Entry of hepatitis C virus (HCV) into hepatocytes is a complex process that involves numerous cellular factors, including the scavenger receptor class B type 1 (SR-B1), the tetraspanin CD81, and the tight junction (TJ) proteins claudin-1 (CLDN1) and occludin (OCLN). Despite expression of all known HCV-entry factors, in vitro models based on hepatoma cell lines do not fully reproduce the in vivo susceptibility of liver cells to primary HCV isolates, implying the existence of additional host factors which are critical for HCV entry and/or replication. Likewise, HCV replication is severely impaired within hepatocellular carcinoma (HCC) tissue in vivo, but the mechanisms responsible for this restriction are presently unknown. Here, we identify tumor-associated calcium signal transducer 2 (TACSTD2), one of the most downregulated genes in primary HCC tissue, as a host factor that interacts with CLDN1 and OCLN and regulates their cellular localization. TACSTD2 gene silencing disrupts the typical linear distribution of CLDN1 and OCLN along the cellular membrane in both hepatoma cells and primary human hepatocytes, recapitulating the pattern observed in vivo in primary HCC tissue. Mechanistic studies suggest that TACSTD2 is involved in the phosphorylation of CLDN1 and OCLN, which is required for their proper cellular localization. Silencing of TACSTD2 dramatically inhibits HCV infection with a pan-genotype effect that occurs at the level of viral entry. Our study identifies TACSTD2 as a novel regulator of two major HCV-entry factors, CLDN1 and OCLN, which is strongly downregulated in malignant hepatocytes. These results provide new insights into the complex process of HCV entry into hepatocytes and may assist in the development of more efficient cellular systems for HCV propagation in vitro.

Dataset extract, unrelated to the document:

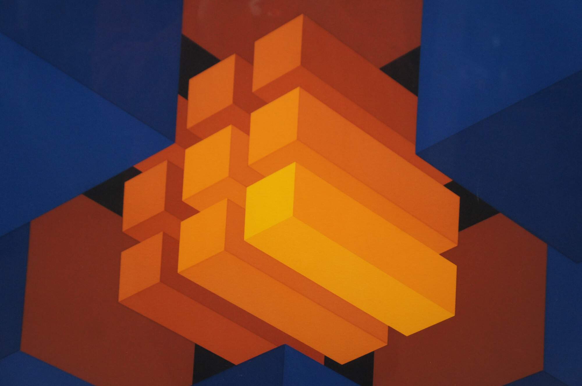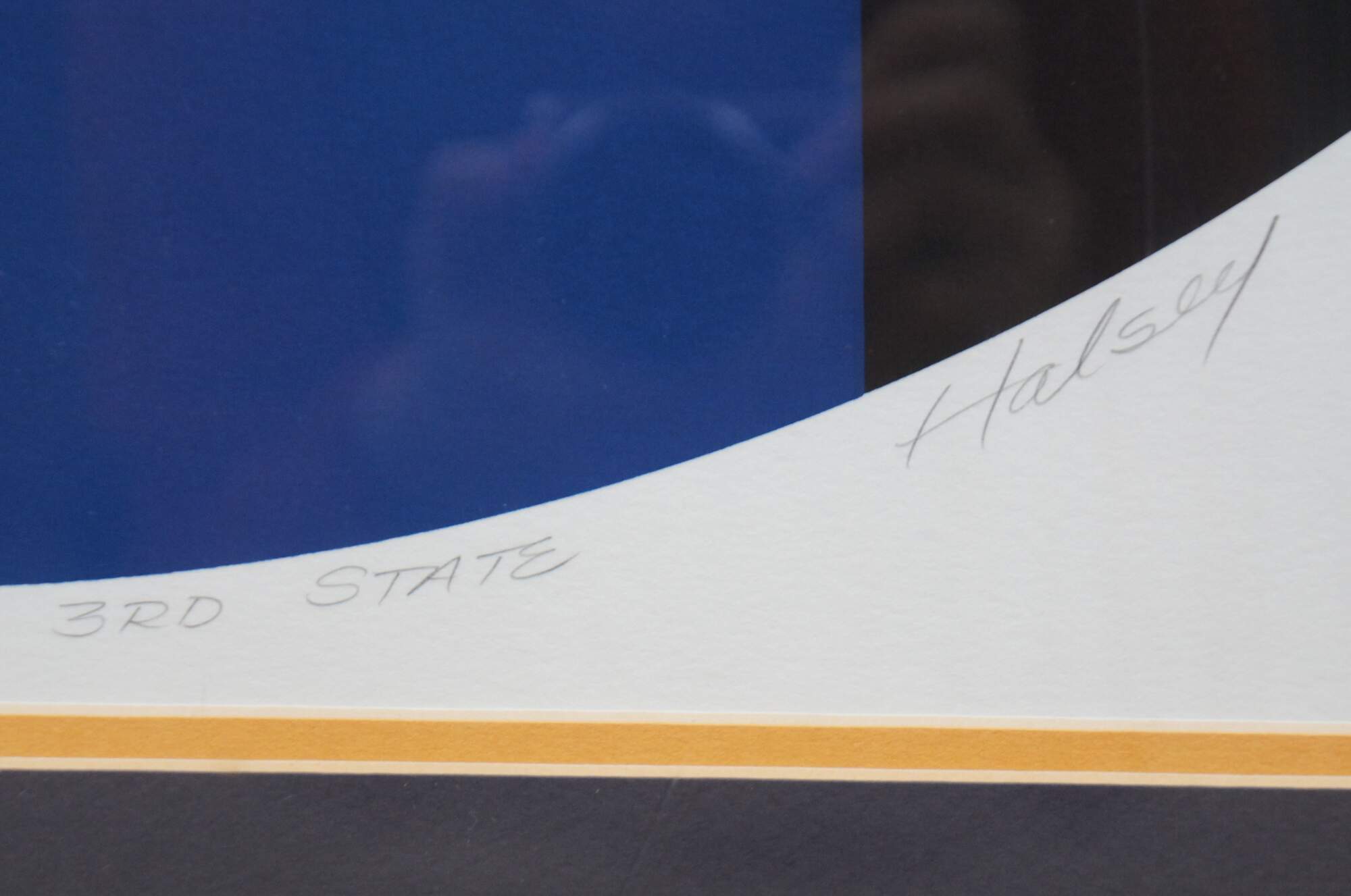 At the height of his career (late 1970s), Halsey was creating serigraphs and acrylic paintings that according to him were his endeavor to “visualize an ideal”. The pieces represent the Trinity and often involve “emanating light in ordered structures, suspended in deep space,” an attempt to point to cosmic order through mathematics. Unlike many artists, Halsey was totally involved with the print making process from mixing his own inks, to cutting all stencils and often physically printing many of his own editions.

丙型肝炎病毒（HCV）进入肝细胞是一个复杂的过程，涉及许多细胞因子，包括1类清道夫受体B型（SR-B1），四跨膜蛋白CD81和紧密连接（TJ）蛋白claudin-1（ CLDN1）和occludin（OCLN）。尽管表达了所有已知的HCV进入因子，但基于肝癌细胞系的体外模型不能完全重现肝细胞对原代HCV分离株的体内易感性，这意味着存在对于HCV进入和/或致死至关重要的其他宿主因子复制。同样，体内肝细胞癌（HCC）组织中的HCV复制受到严重损害，但目前尚不清楚造成这种限制的机制。在这里，我们确定肿瘤相关钙信号转导子2（TACSTD2）是原发性HCC组织中被下调最严重的基因之一，它是与CLDN1和OCLN相互作用并调节其细胞定位的宿主因子。TACSTD2基因沉默破坏了肝癌细胞和原代人肝细胞中沿细胞膜的CLDN1和OCLN的典型线性分布，概括了原发性HCC组织在体内观察到的模式。机理研究表明，TACSTD2参与了CLDN1和OCLN的磷酸化，这对于它们的适当细胞定位是必需的。TACSTD2的沉默通过在病毒进入水平发生的泛基因型效应，显着抑制HCV感染。我们的研究确定TACSTD2是两种主要的HCV输入因子CLDN1和OCLN的新型调节剂，在恶性肝细胞中它们被强烈下调。这些结果为HCV进入肝细胞的复杂过程提供了新的见识，并可能有助于开发更有效的HCV在体外传播的细胞系统。